Esther Ferrer is one of the Spanish pioneers of modern performance art. In the seventies, she was a member of the collective ZAJ together with Walter Marchetti and Juan Higaldo that were closely associated with John Cage and the international Fluxus movement. In her work, Esther Ferrer continues with its basic premises. One of them is that through performance, social situations, tensions between the work, the performer and the audience are created; the latter two becoming a single but heterogenous body that is characterized by a specific social space. It also reveals itself in the present work Concierto ZAJ para 30 o 60 voces, which involved about forty people, including many non-musicians, performers and visitors who are united in one body, a social unit through the medium of voice and sound followed by an open composition, in which voices of different people enter individually, each one every minute, with content of your own choice that you can sing, recite, speak, yell, etc.
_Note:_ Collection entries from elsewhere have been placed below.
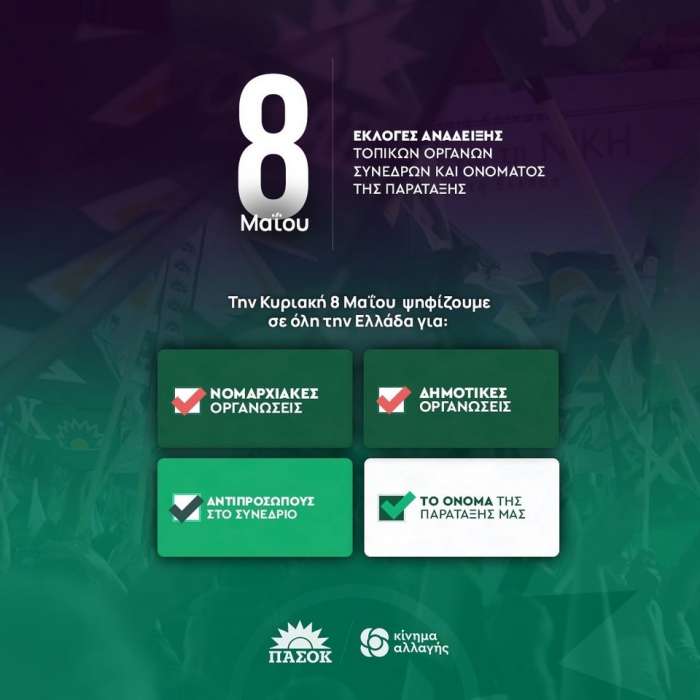 Την Κυριακή 8 Μαΐου από τις 7:00 το πρωί έως τις 7:00 το απόγευμα θα διεξαχθεί η ψηφοφορία για τις εκλογές οργάνων και συνέδρων του Κινήματος Αλλαγής στα Ανώγεια. Παράλληλα θα υπάρχει και κάλπη για την επιλογή του νέου ονόματος της παράταξης.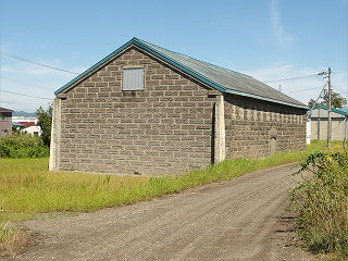 | 駅前に残る農業倉庫。道内有数の穀倉地帯だけに、米をはじめ多くの農産物が貨物列車で発送されたことでしょう。 | 手作りの大きな机と椅子の設置された待合室。出札、荷物の窓口は閉鎖されています。 | |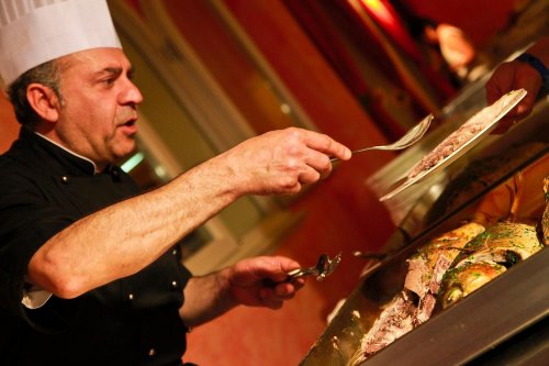 Ristorante climatizzato e veranda coperta con pasti serviti a buffet per poter comodamente gustare i piatti della cucina mediterranea (vino, acqua, birra e soft drink inclusi); zona pizzeria e griglieria a cena su prenotazione.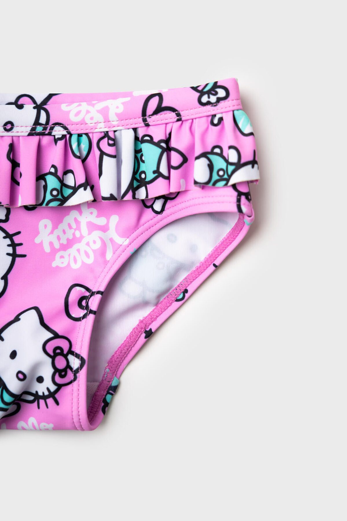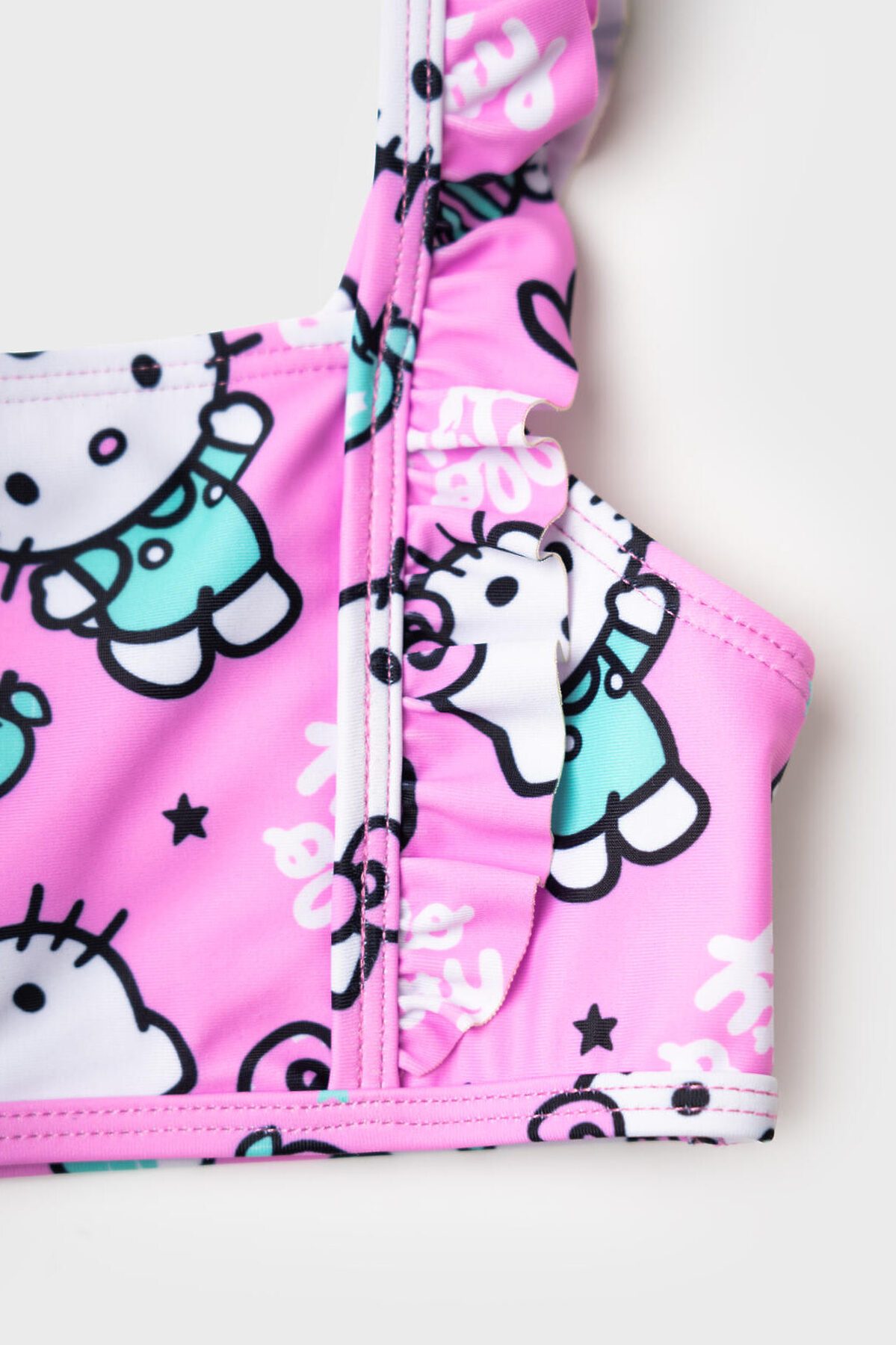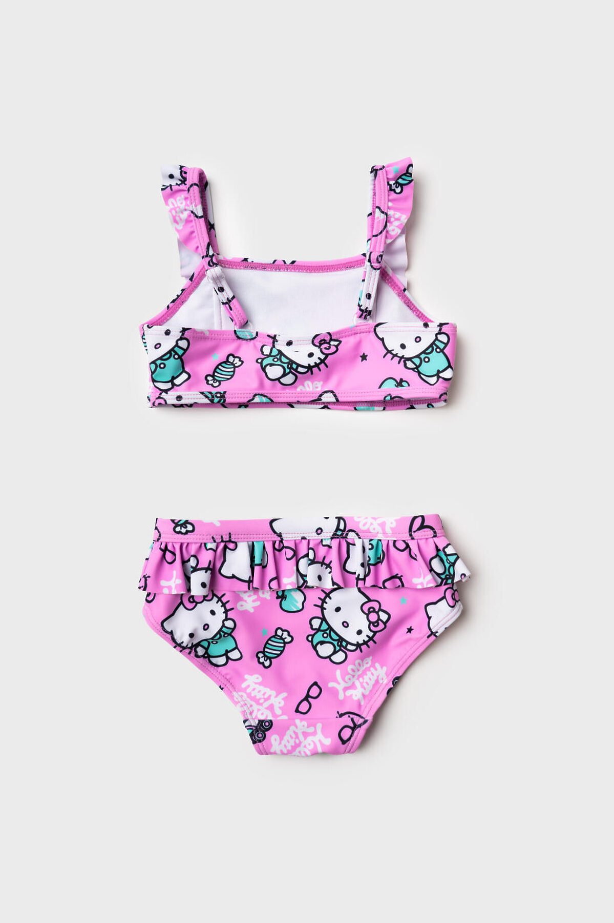 Купальник детский раздельный для девочки. Выполнен в светло-розовом цвете с принтом Hello Kitty, конфетами и сердечками. У топа — широкие бретели с милыми воланами, которые делают образ особенно воздушным. Плавки украшены воланом по линии талии, создавая нежный. Все детали сделаны из мягкой эластичной ткани, с подкладкой внутри. Благодаря UF-защите, ткань сохраняет первоначальный вид даже при длительном пребывании на солнце. Подходит для плавания и активного отдыха.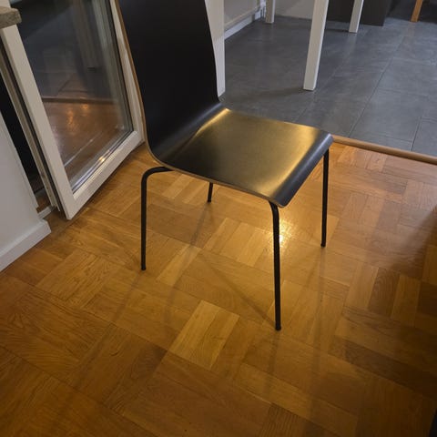 Säljer ett set om 6 st IKEA GILBERT‑stolar i svartbetsad fanér med kromade stålben, utgången modell och finns inte i IKEA sortimentet längre. Stilrena, stapelbara och väldigt lätta att passa in i de flesta hem – perfekta till både kök och matrum.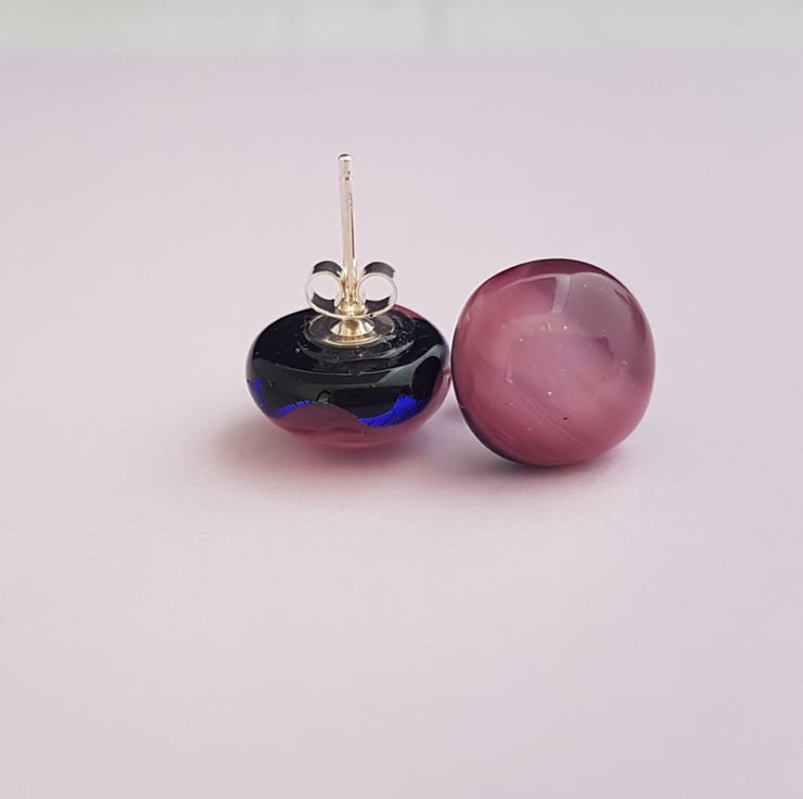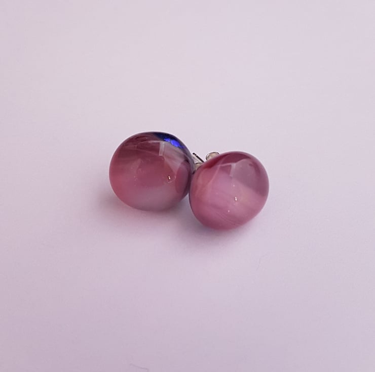 These pretty pink stud earrings are made in a gorgeous petal pink glass and cut by hand.

And in various languages and in different positions in space. This can be a public space, a theater, a gallery or anything else that deals with artistic and social forms with their own pulse and dynamics. The piece was originally written in 1984 and it could therefore be said that it belongs to a specific time and place, but the recent performances and record release from 2010 by the label w.m.o/r reveals its potential for a politically charged art of noise. Both Mattin and Ferrer use a well-established art form (a concert, or non-concert in Mattin’s terms following modern philosophical tradition of François Laruelle and his followers) and transform it into social action which defies strict definitions and containment, therefore creating a powerful field of potentiality, an event inside the art and political space.